G20 Meeting Takes Place In Bali

President Xi Jinping of China attends a working session on food and energy security during the G20 Summit on November 15, 2022 in Nusa Dua, Indonesia. (Photo by Leon Neal/Getty Images,)

EDITOR’S NOTE: This report was updated 2/3/23 at 9:00 am ET to include comments from the Chinese Foreign Ministry about what it called a “civilian” research balloon having flown off course.

WASHINGTON — A high-altitude surveillance balloon, suspected to be from China, is currently floating above the northern United States, the Pentagon said in a stunning admission today.

“The balloon is currently traveling at an altitude well above commercial air traffic and does not present a military or physical threat to people on the ground,” Pentagon Spokesman Brig Gen Patrick Ryder told reporters. He noted that the US government and the North American Aerospace Defense Command (NORAD), are closely tracking the balloon’s flight path.

A senior defense official subsequently told reporters that Washington believes this surveillance balloon, which flew over Montana Wednesday, is from China and said Washington has been in contact with Beijing through “multiple channels,” including the embassy here.

RELATED: US tops China but will need to use everything in the cupboard, Marine commandant says

On Friday, a spokesperson for the Chinese Foreign Ministry acknowledged the balloon was Chinese, but called it a “civilian airship used for research, mainly meteorological, purposes.”

“Affected by the Westerlies and with limited self-steering capability, the airship deviated far from its planned course,” the spokesperson said. “The Chinese side regrets the unintended entry of the airship into US airspace due to force majeure. The Chinese side will continue communicating with the US side and properly handle this unexpected situation caused by force majeure.”

On Thursday, the senior US official indicated it wasn’t the first time the US has responded to balloon incidents.

“Instances of this kind of balloon activity have been observed previously over the past several years,” the official said. “Once the balloon was detected, the US government acted immediately to protect against the collection of sensitive information.”

The US has moved to shield sites from the “collection of sensitive information” and on Wednesday mobilized assets including F-22 stealth fighters in case the decision was made to shoot the balloon down. But the that senior defense official said the Pentagon does not currently intend to blast it out of the sky and risk falling debris hitting civilians on the ground. 

“We had been looking at whether there was an option yesterday over some sparsely populated areas in Montana, but we just couldn’t buy down the risk enough to feel comfortable recommending shooting it down yesterday,” the senior defense official added. 

As for the balloon’s payload, that official said it is not “revolutionary” but declined to go into detail.
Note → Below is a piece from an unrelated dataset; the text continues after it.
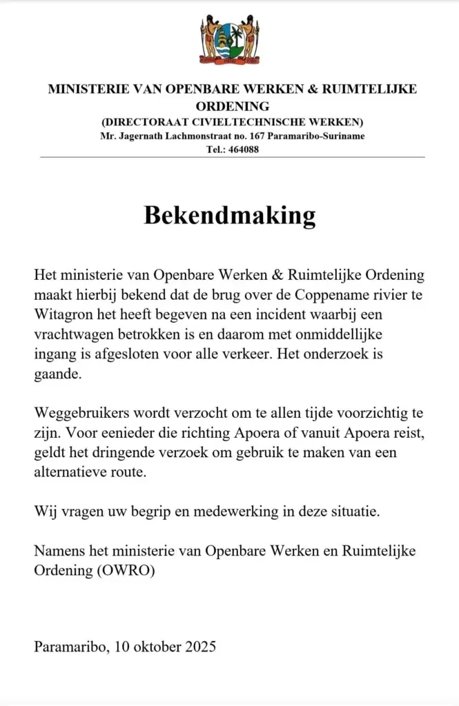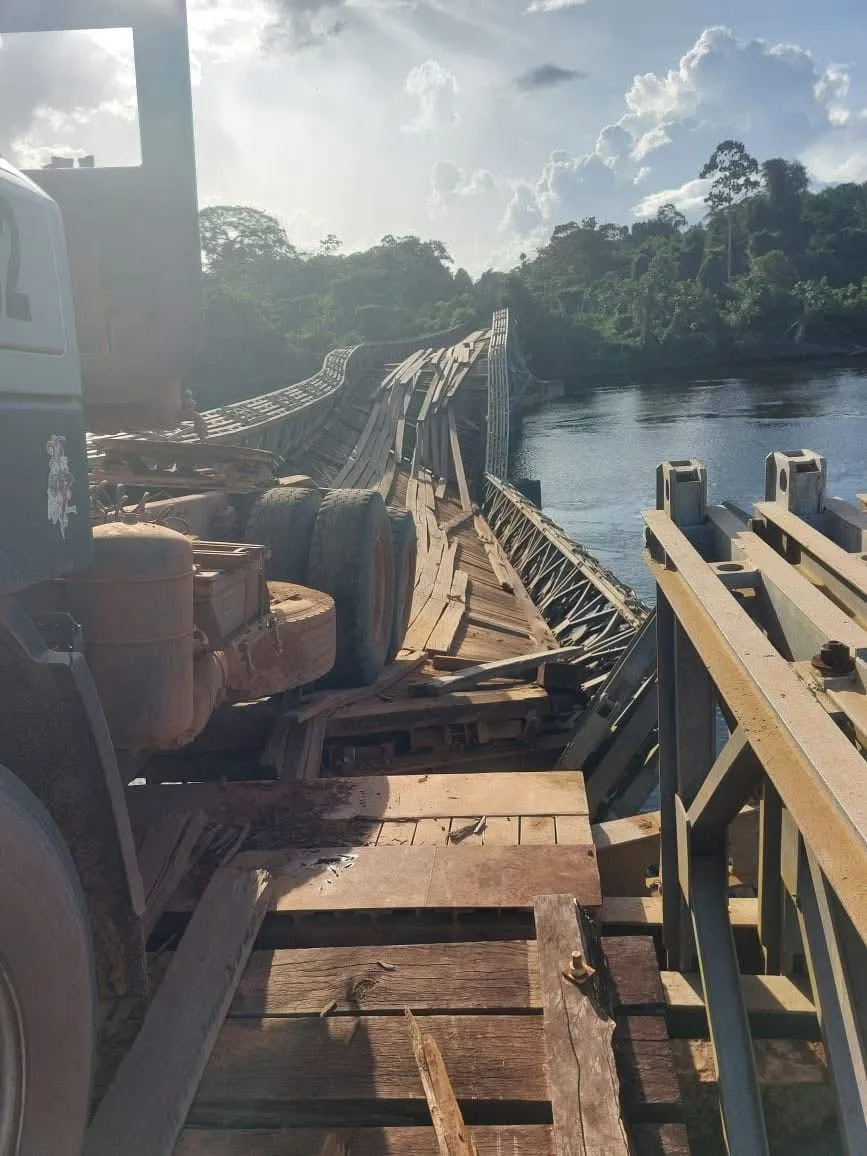 De brug bij Bitagron, over de Coppenamerivier in het district Sipaliwini, is ingestort.

What is different from past instances is the altitude it is flying at and the “extended” period of time it has been over the continental United States. 

The official also didn’t describe the previous incidents of balloon sightings, but today’s ordeal recalls an incident from last February when Indo-Pacific Command “detected a high-altitude object floating in air in the vicinity of the Hawaiian Islands” and the military launched fighter aircraft to identify it.
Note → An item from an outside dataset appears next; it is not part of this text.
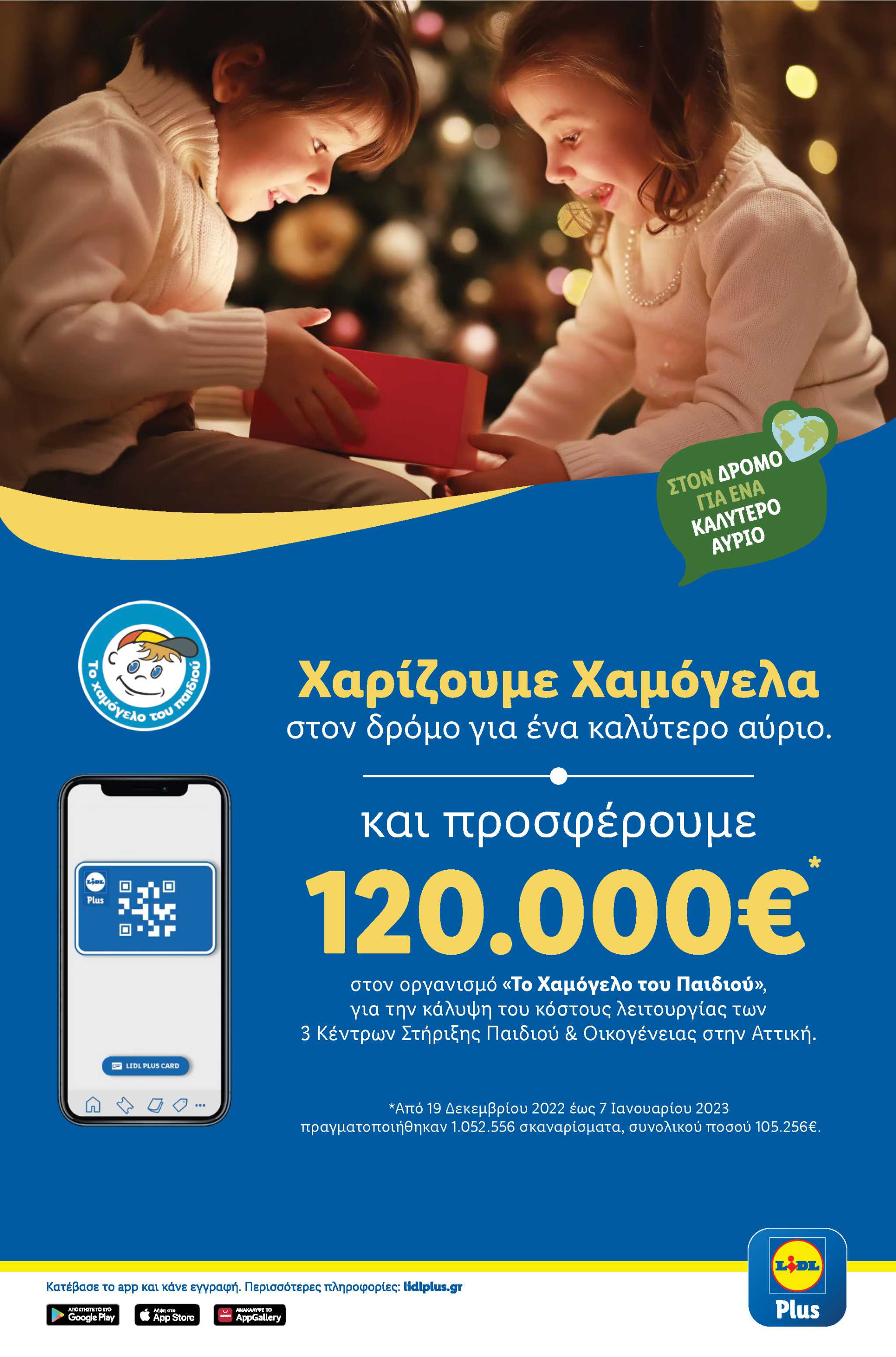 Από τις 19 Δεκεμβρίου και έως τις 7 Ιανουαρίου, με κάθε σκανάρισμα της ψηφιακής κάρτας Lidl Plus, προσέφερε 0,10€ στον Οργανισμό πραγματοποιώντας έτσι πάνω από 1.000.000 σκαναρίσματα, από τα οποία και συγκεντρώθηκε συνολικά το ποσό των 105.256 ευρώ. Ωστόσο, η εταιρεία προχώρησε στη δωρεά ενός πιο στρογγυλεμένου ποσού, γιατί τα χαμόγελα ποτέ δεν είναι αρκετά.

Beijing is hardly be alone in exploring the upper regions of the atmosphere for surveillance purposes. Last July the CEO of World View Enterprises, which makes stratospheric balloons for intelligence, surveillance and reconnaissance, told Breaking Defense his firm was “having discussions” with the US Army’s Pacific Command about its need for “operationalizing the stratosphere.”
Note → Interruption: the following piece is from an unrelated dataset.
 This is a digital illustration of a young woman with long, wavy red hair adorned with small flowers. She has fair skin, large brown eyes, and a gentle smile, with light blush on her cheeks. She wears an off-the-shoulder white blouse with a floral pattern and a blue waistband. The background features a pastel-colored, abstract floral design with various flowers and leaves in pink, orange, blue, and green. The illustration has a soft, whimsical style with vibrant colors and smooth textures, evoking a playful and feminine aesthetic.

The Army has also experimented with ultra-high-altitude unmanned drones for surveillance, like the spindly Zephyr made by Airbus. That craft set endurance flight records — partly because the Army couldn’t bring it down — before it apparently crash landed in August 2022.

And last month French military officials revealed that they, too, are looking to exploit the “higher airspace.” At some extreme heights, one French official said, engines have issues, “but today technology allows sensor-carrying balloons, for example, to use this space. Do we really want a balloon sent up by a hostile force sitting above Paris and watching our every move and be unable to deal with it?”

It appears the White House and the Pentagon have been forced to entertain a similar a thought today.